**Description of the task**
Your copy should begin with the line containing "Oil painting of", end with the line containing "5회까지 가능해요 |", match the listing below exactly, and contain no pictures.

**Data excerpts**
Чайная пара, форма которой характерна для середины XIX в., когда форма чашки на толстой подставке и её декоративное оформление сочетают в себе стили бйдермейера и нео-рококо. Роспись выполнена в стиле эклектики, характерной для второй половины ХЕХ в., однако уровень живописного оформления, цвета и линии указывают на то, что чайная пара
==
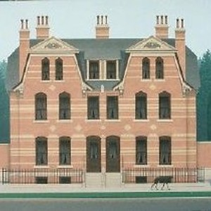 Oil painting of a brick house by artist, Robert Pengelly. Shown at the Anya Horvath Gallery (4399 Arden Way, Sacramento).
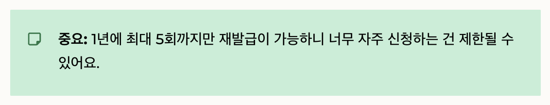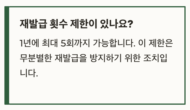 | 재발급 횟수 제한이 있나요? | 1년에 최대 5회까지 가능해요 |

**Your response**
 Oil painting of a brick house by artist, Robert Pengelly. Shown at the Anya Horvath Gallery (4399 Arden Way, Sacramento).
 | 재발급 횟수 제한이 있나요? | 1년에 최대 5회까지 가능해요 |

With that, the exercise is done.